Single 15 probably 80lbs or more . It’s a struggle to move . If it had tremolo it probably wouldn’t be going anywhere


----------



## Lunnen (Apr 28, 2010)

I have a Swart STR Tremolo and love it. I have the night light which aids in late night jamming. One of my favourite amps.


----------



## tonewoody (Mar 29, 2017)

Ok, it sounds like you need a 73 Twin and a "small tube amp with trem and reverb"....


----------



## Whammer Jammer (Sep 7, 2019)

I'll second Bluerockers YGM-3 Guitarmate recommendation. I've been playing my reissue for the last hour - love it. Only issue is that it's only about 1/2" shorter than a Super Reverb. Nothing but brand snobbery that keeps it from being the same price as a Princeton or Deluxe. That being said, I was going to post a link to a bunch of Guitarmates at L&M’s Gear Hunter for $699 (if I remember correctly) but they're all gone. Maybe the word is out.


----------



## silvertonebetty (Jan 4, 2015)

tonewoody said:


> Ok, it sounds like you need a 73 Twin and a "small tube amp with trem and reverb"....


Yes 😂


----------



## Whammer Jammer (Sep 7, 2019)

tonewoody said:


> Jesus, how big is your MESA?


That's just funny. Rare is the time when a Twin is a downsize.


----------



## Always12AM (Sep 2, 2018)

The Traynor will do what all of those amps will do for a LOT less money.

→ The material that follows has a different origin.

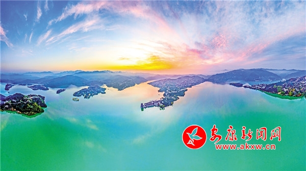 瀛湖是中國獨特的山水風(fēng)光之湖。秦嶺與巴山夾峙護(hù)佑,造就了如畫的湖,形成了夢幻的景。四時風(fēng)光,不遜西湖,不輸洱海,亦可自比千島湖。瀛湖冬景中蘊含著春華與秋色,初冬游覽瀛湖,遠(yuǎn)能看青山不墨千秋畫,近可聽流水無弦萬古琴。山起西北下東南,江自天邊出河谷,形成了地形上的小氣候,冬日里應(yīng)是天寒地凍,但瀛湖一地,冬雨過后,山谷風(fēng)來,云興霞蔚,日影扶疏?瓷,群山層林盡染,如調(diào)色板傾覆其上,一坡樹枝隨風(fēng)變,斑斕色彩比花美,游人盛贊“此景只應(yīng)天上有,人間能得幾回見”。觀水,湖面寬闊清凈,風(fēng)起波瀾,水光瀲滟,舟行碧波,人在畫中。晨起湖面輕霧籠罩,是海上瀛洲的景象;正午云光投射湖面,天空之鏡如夢幻般瑰麗;傍晚行至水窮處,坐看云起,就有了迷人的霞光,或金黃或橘紅,給湖面一層層染色,與山林應(yīng)和,便是紅黃翠綠清且淺,萬般顏色不爭春了。

But if you are willing to spend $1999, look at Dr.Z’s.


----------



## silvertonebetty (Jan 4, 2015)

Whammer Jammer said:


> That's just funny. Rare is the time when a Twin is a downsize.


Truth be told I just don’t really like the Mesa . I wouldn’t really call it a down size both are big but it’s more directed in the direction I want to go


----------



## silvertonebetty (Jan 4, 2015)

Always12AM said:


> The Traynor will do what all of those amps will do for a LOT less money.
> 
> But if you are willing to spend $1999, look at Dr.Z’s.


My friend has a dr.z and honestly it’s kind of trash


----------



## bgreenhouse (Jan 4, 2014)

I have the custom vibrolux reverb and love it. Have a princeton reverb reissue and love that too, but the vibrolux is my go to everytime.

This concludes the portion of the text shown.